▶ **Your assignment**: The data below should be restated word for word, with every picture omitted.

Stored items from a collection
-=-=-=-=-

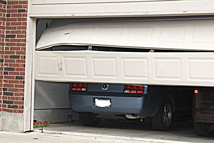 На гаражных воротах модно выполнять изображение техники или животных, которые вроде бы стоят в проеме двери, как показано на фото.
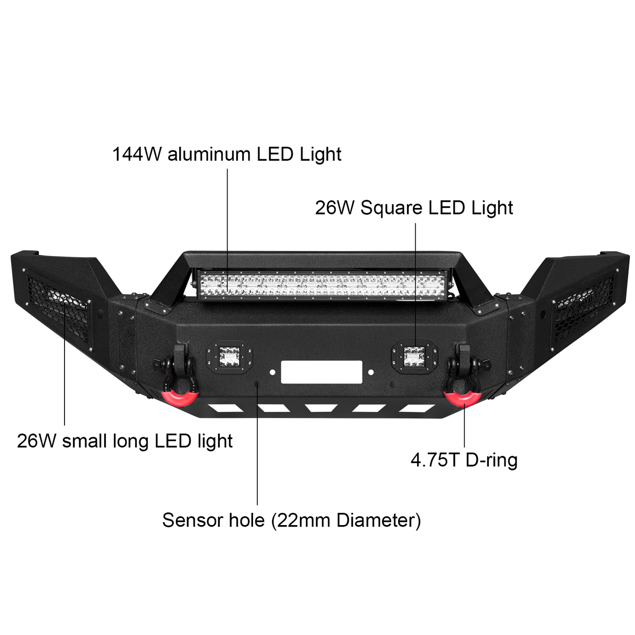 [Heavy Duty Construction]: The bumper body is made of heavy-duty, high-strength 7/64-inch steel, and the winch plate and mounting brackets are made of 3/16-inch steel. The front bumper weighs approximately 145 lbs
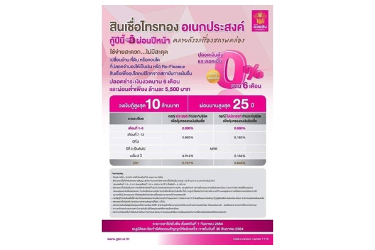 “ออมสิน” ออกสินเชื่อไทรทองอเนกประสงค์ ให้กู้เสริมสภาพคล่อง /ปิดบัญชีหนี้ดอกเบี้ยแพง ผ่อน 0% 6 เดือนใช้บ้าน ที่ดิน ที่สวนไร่นา หรือคอนโด ค้ำประกัน ช่วยแบ่งเบาภาระค่าใช้จ่ายช่วงโควิด
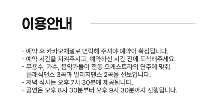 • 4월~10월 : 월, 수, 토요일 공연 / 15인 이상 단체 예약시 전요일 관람 가능
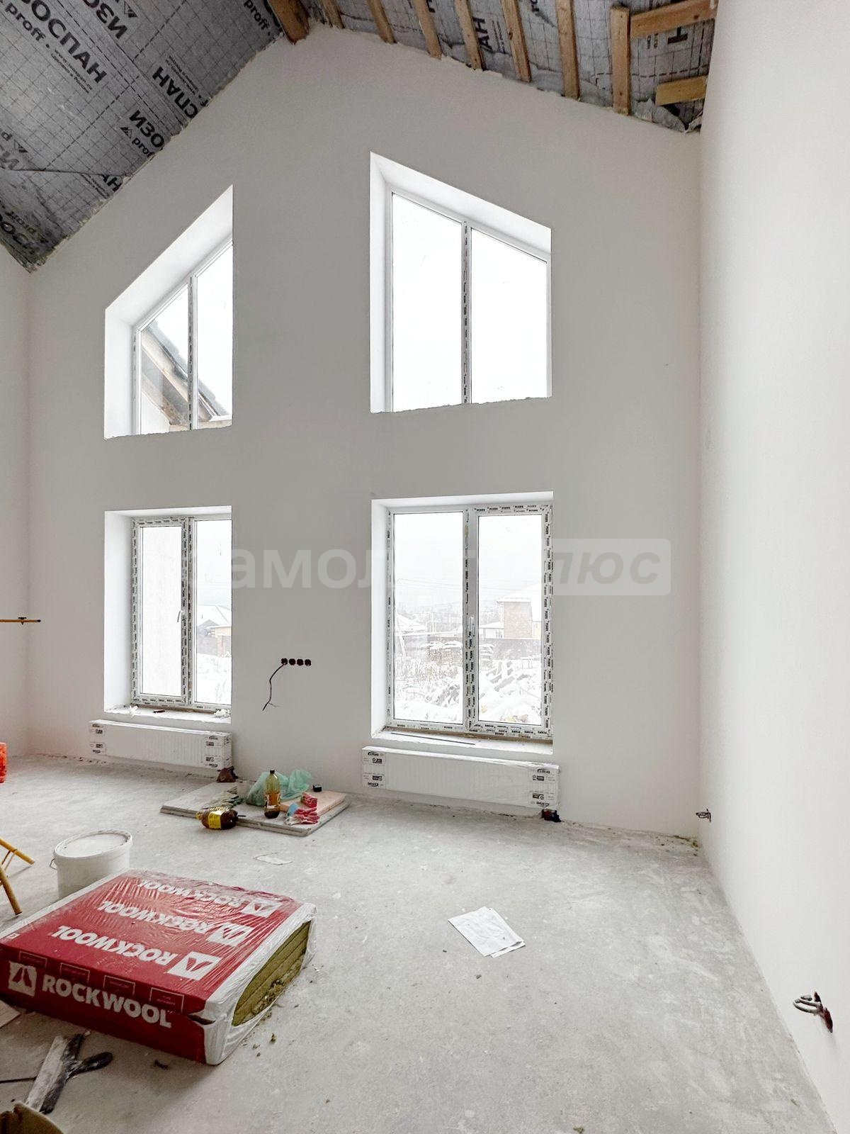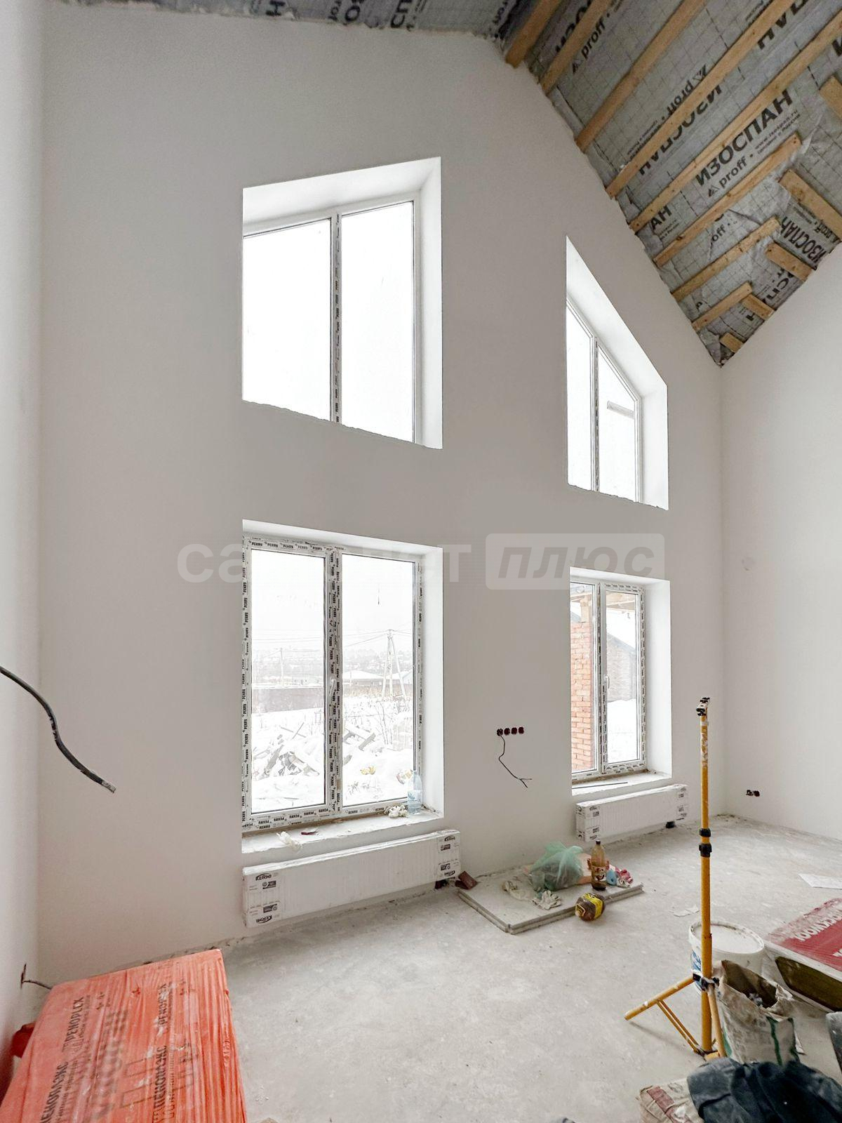 В мокрых точках цементная смесь ROTBAND. Шпатлёвка на стенах - VETONIT KNAUF паста. Окна двухкамерные REHAU 72 профиль. Двери в гостиной и в мастер- спальне штульповые шириной 2 метра. Установлен котёл BAXI. Рассчитан на 320 м2, это с учётом если люди захотят использовать мансардное пространство, то есть сделать отапливаемым. Межэтажные перекрытия, несмотря на то, что дом одноэтажный - железобетонные. Есть 2- е мансардных лестницы, по которым можно подняться на подкрышное пространство. Сделано утепление крыши, что позволяет сразу использовать мансардное пространство. В каждом есть окна. Тёплые полы сделаны из сшитого полипропилена. Стоят стальные радиаторы KERMI. В санузлах установлены дорогие инсталляции TECE. Крыша на веранде площадью порядка 40 м2 также утеплена для удобства новых хозяев, если захотят использовать как дополнительное пространство. В доме 2- е входных группы. Из котельни есть дополнительный выход на веранду. В котельне расположена лапомойка.

-=-=-=-=-

▶ **Expected answer**:
 На гаражных воротах модно выполнять изображение техники или животных, которые вроде бы стоят в проеме двери, как показано на фото.
 [Heavy Duty Construction]: The bumper body is made of heavy-duty, high-strength 7/64-inch steel, and the winch plate and mounting brackets are made of 3/16-inch steel. The front bumper weighs approximately 145 lbs
 “ออมสิน” ออกสินเชื่อไทรทองอเนกประสงค์ ให้กู้เสริมสภาพคล่อง /ปิดบัญชีหนี้ดอกเบี้ยแพง ผ่อน 0% 6 เดือนใช้บ้าน ที่ดิน ที่สวนไร่นา หรือคอนโด ค้ำประกัน ช่วยแบ่งเบาภาระค่าใช้จ่ายช่วงโควิด
 • 4월~10월 : 월, 수, 토요일 공연 / 15인 이상 단체 예약시 전요일 관람 가능
 В мокрых точках цементная смесь ROTBAND. Шпатлёвка на стенах - VETONIT KNAUF паста. Окна двухкамерные REHAU 72 профиль. Двери в гостиной и в мастер- спальне штульповые шириной 2 метра. Установлен котёл BAXI. Рассчитан на 320 м2, это с учётом если люди захотят использовать мансардное пространство, то есть сделать отапливаемым. Межэтажные перекрытия, несмотря на то, что дом одноэтажный - железобетонные. Есть 2- е мансардных лестницы, по которым можно подняться на подкрышное пространство. Сделано утепление крыши, что позволяет сразу использовать мансардное пространство. В каждом есть окна. Тёплые полы сделаны из сшитого полипропилена. Стоят стальные радиаторы KERMI. В санузлах установлены дорогие инсталляции TECE. Крыша на веранде площадью порядка 40 м2 также утеплена для удобства новых хозяев, если захотят использовать как дополнительное пространство. В доме 2- е входных группы. Из котельни есть дополнительный выход на веранду. В котельне расположена лапомойка.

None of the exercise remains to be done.